My colleague checks the heart rate and happily informs me: "about 100 beats per minute". This is a good sign.
After several deep breaths with the ventilation bag, the newborn slowly becomes rosy and starts to breathe regularly. At first, he only whimpers hesitantly, but then we hear two strong cries.
Relieved, we look at each other and the tension slowly falls away.
Exhausted but happy
We bring the little boy back to the exhausted mother. When she sees the sex of the baby, she starts to beam.
My colleague interprets for me: this is her seventh child, but she only has one living boy at home.
Bibi Sahida* comes from a remote district of Lashkar Gah. She travelled for several hours to give birth in our hospital. Her colourful, beaded dress is stiff with road dust, her hair traditionally braided into many plaits. Numerous dusty bangles clink on her arm as she reaches for my hand. She will pray for me, my colleague translates.

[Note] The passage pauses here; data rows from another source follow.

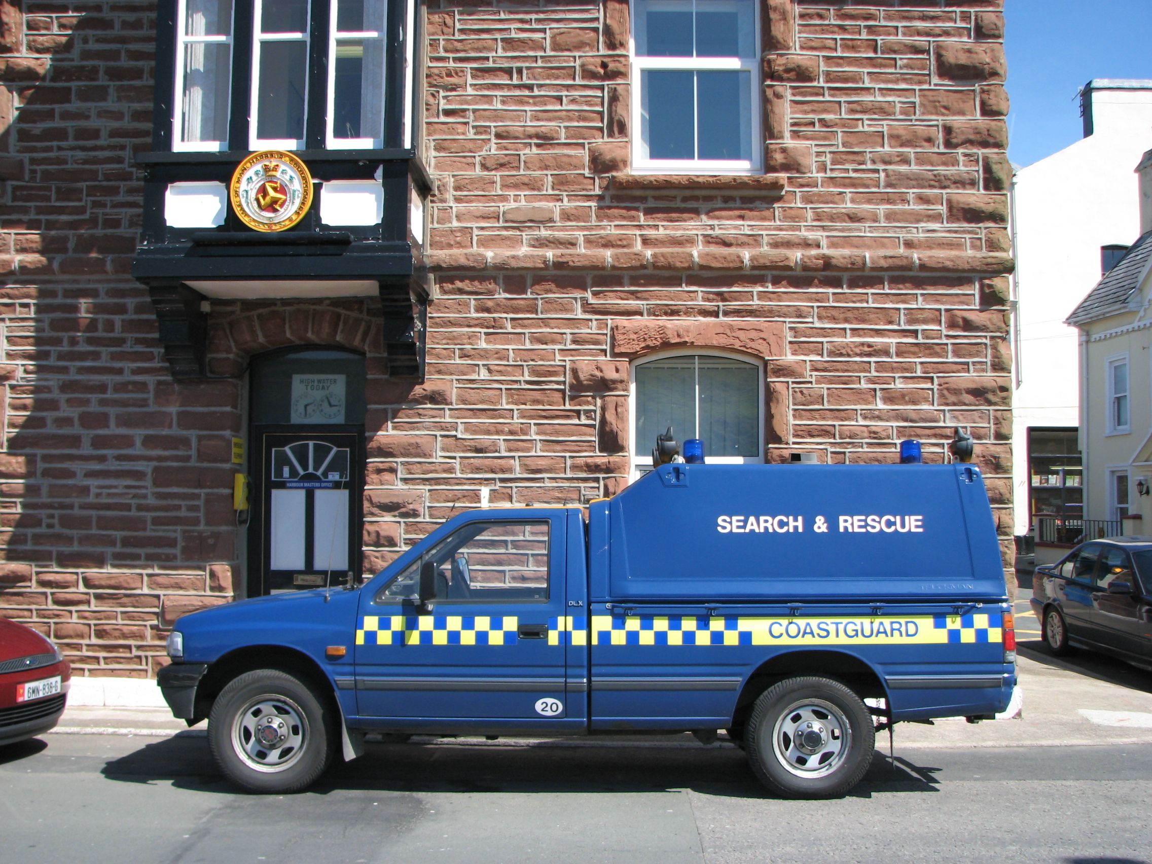 Coastguard car in the city of Peel, Isle of Man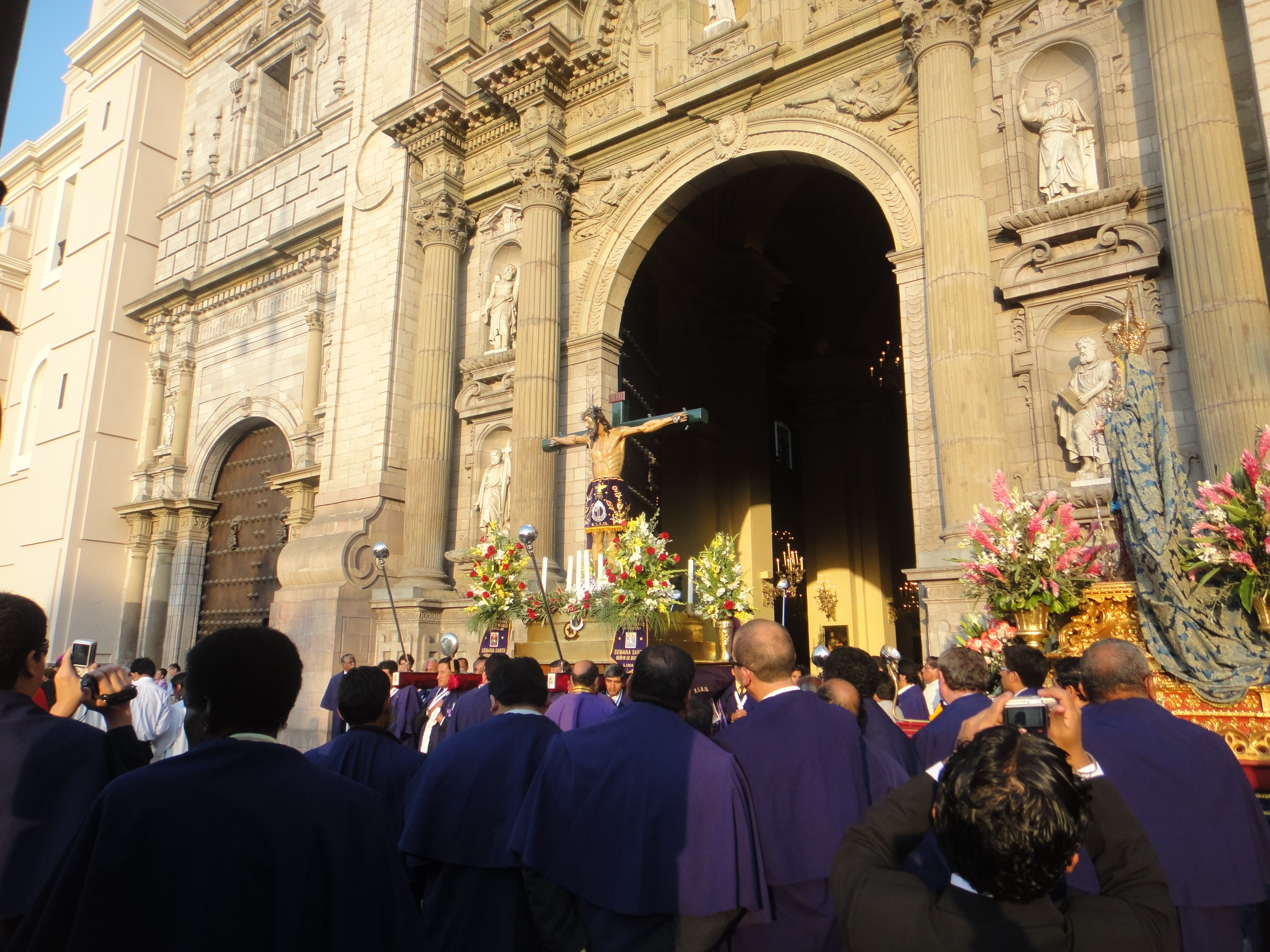 Lord of Burgos from Church of Saint Claire in Lima, Peru.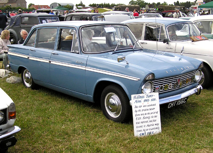 1965 Hillman Super Minx 1600cc at Kemble Airshow, Kemble, Gloucestershire, England.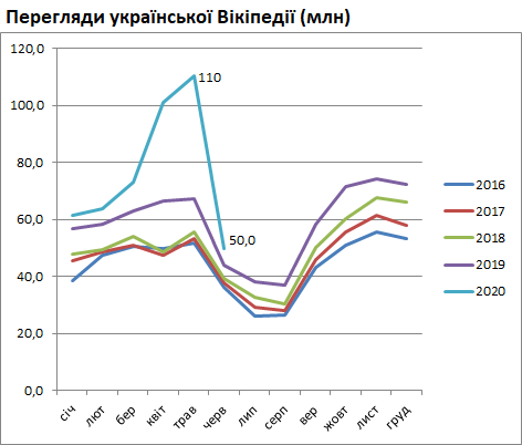 Ukrainian Wikipedia page view statistics 2020-07-01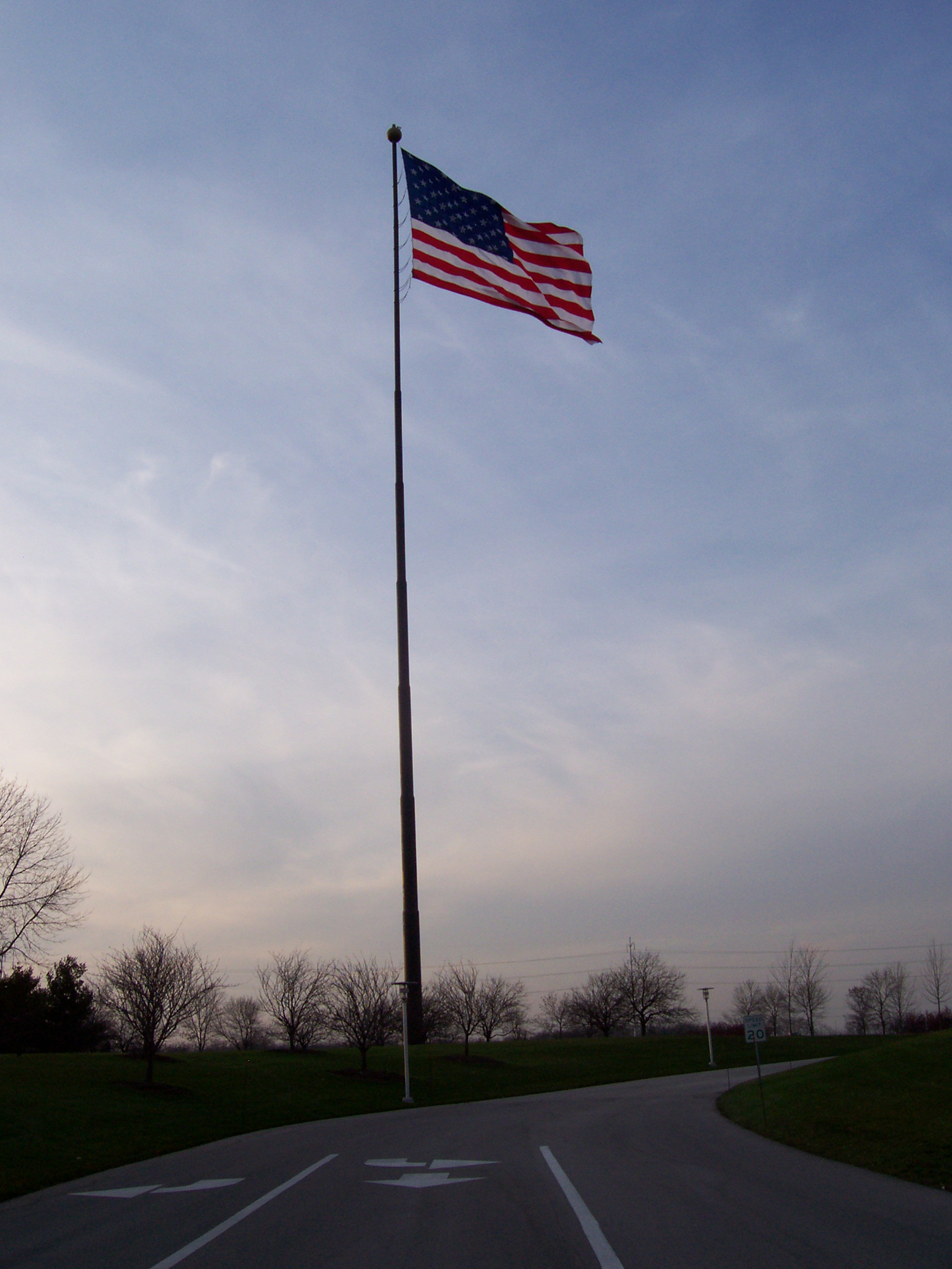 The flagpole for Acuity Insurance in Sheboygan, Wisconsin, USA. The flagpole is one of the tallest in the world.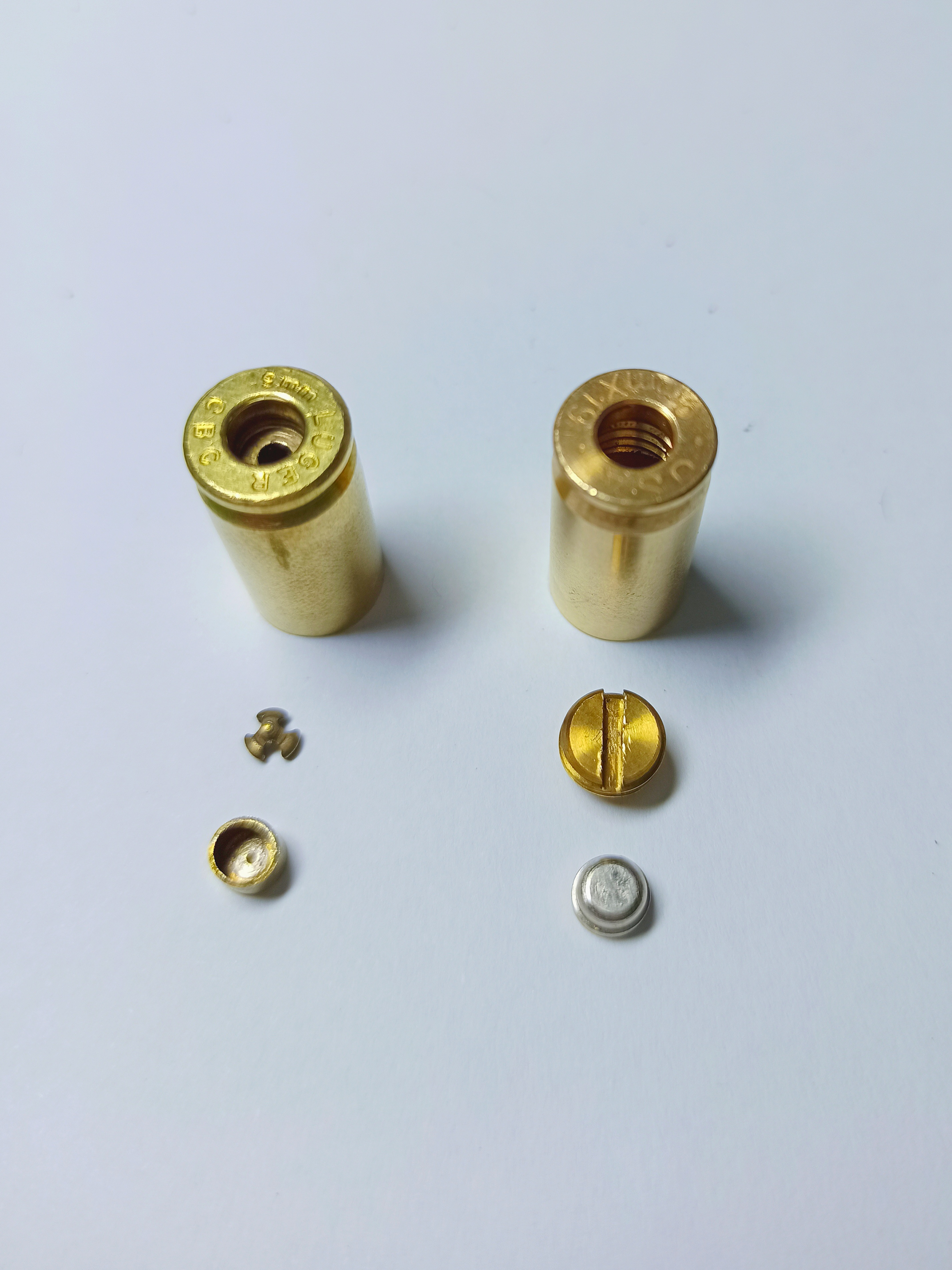 primer of prop bullet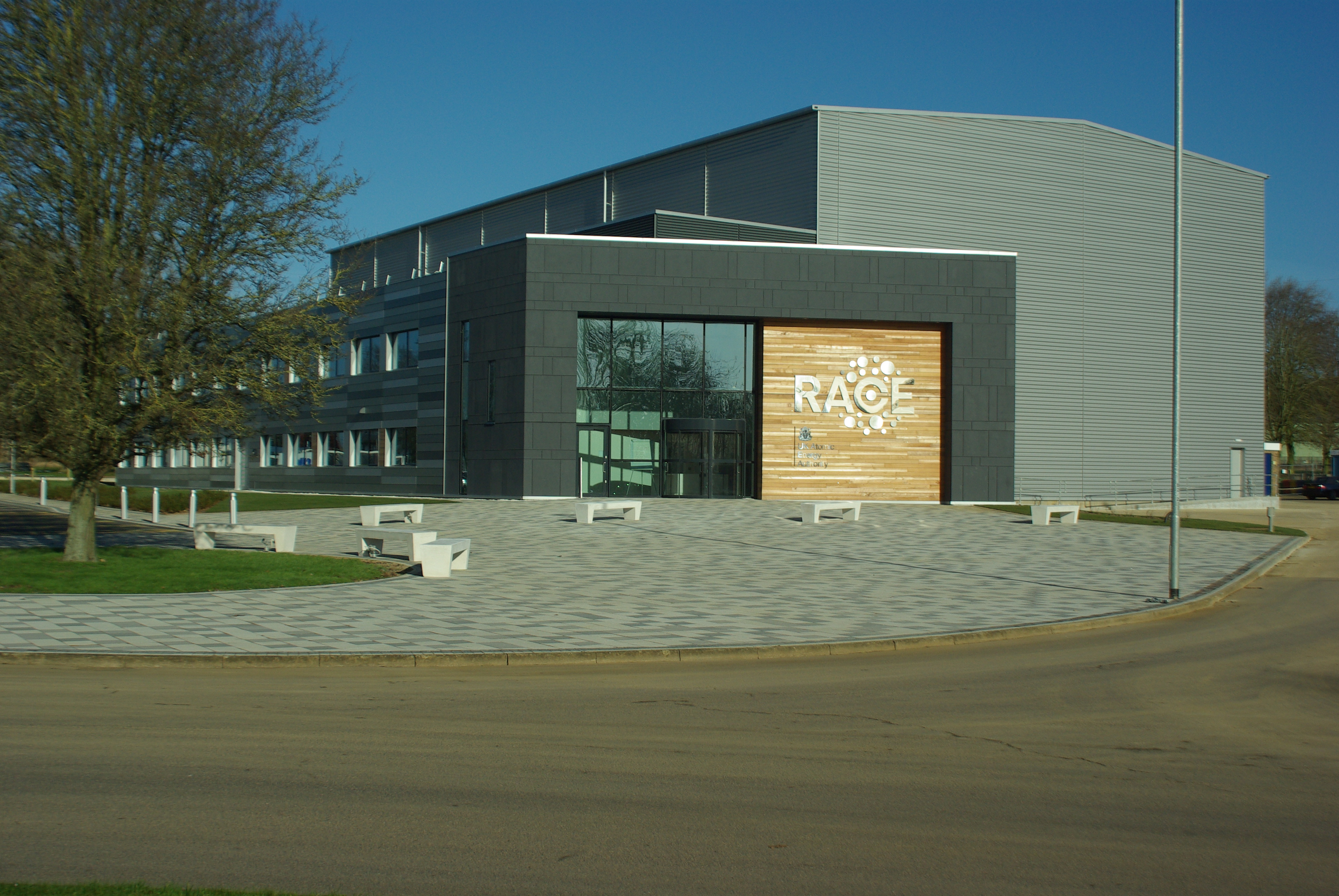 The new RACE building at Culham the UK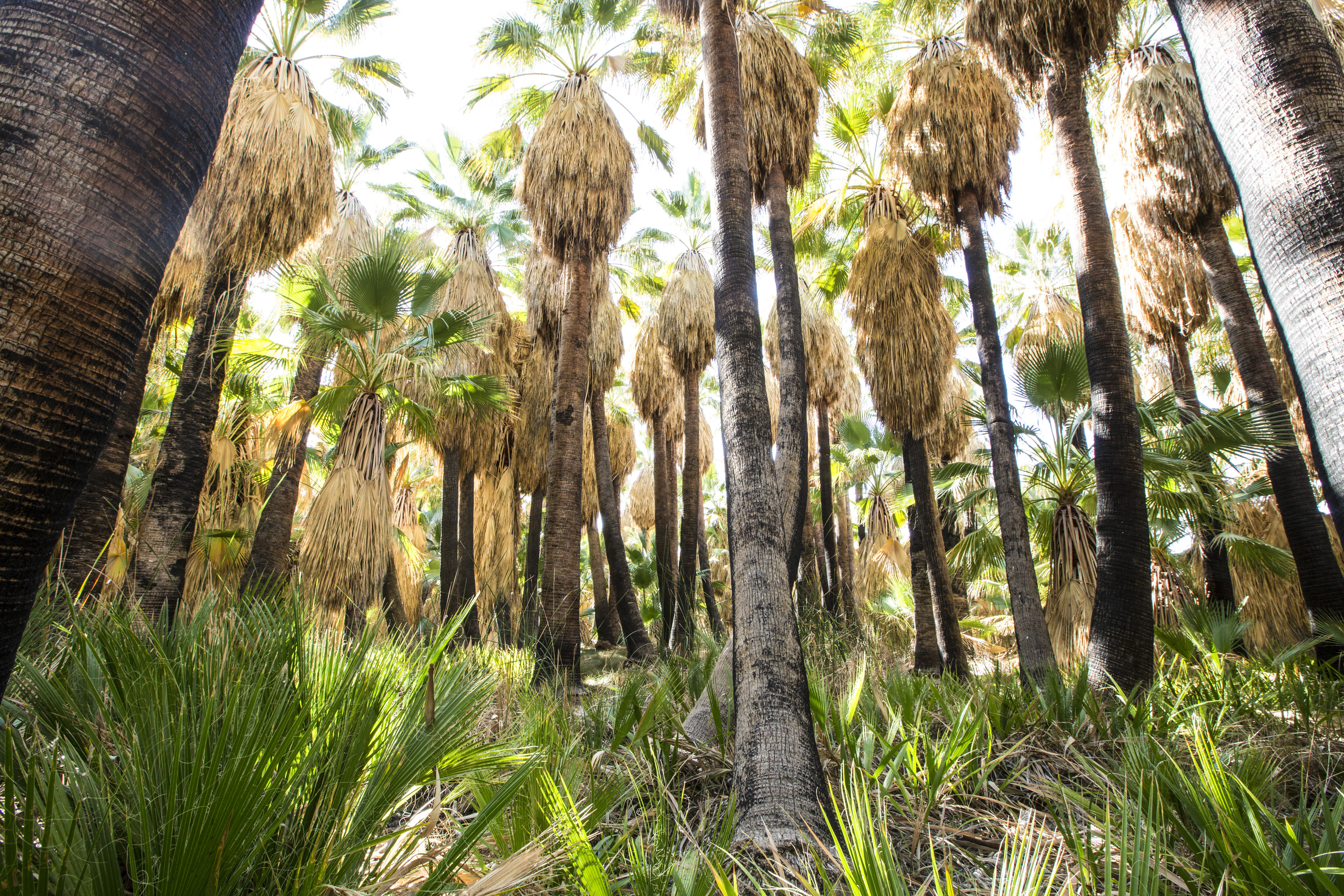 Dos Palmas Preserve ACEC, California - established for its palm oasis and wetlands. Photo Bob Wick, BLM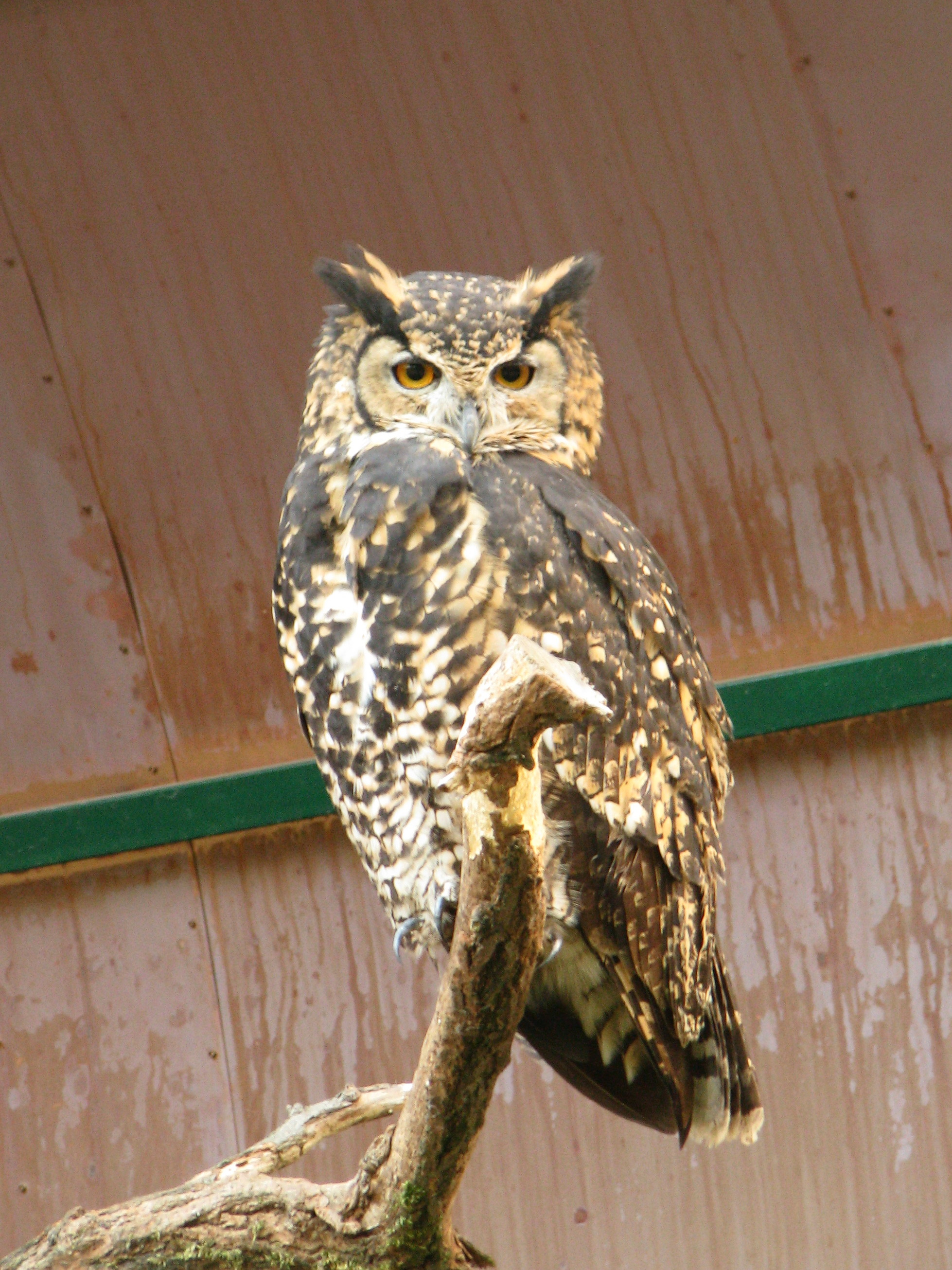 Mackinder's Eagle Owl (Bubo capensis mackenderi) in Berlin Zoopark

How wonderful that Bibi Sahida was able to reach our clinic despite the difficult security situation and that we were then able to help her in this medical emergency,
I am very happy that the little boy survived and that my young Afghan colleague managed the difficult situation for mother and child so well.
But, also a kind of sad feeling always rises in me at these moments: knowing that women here in Helmand are often happier when they have given birth to a boy rather than to a girl.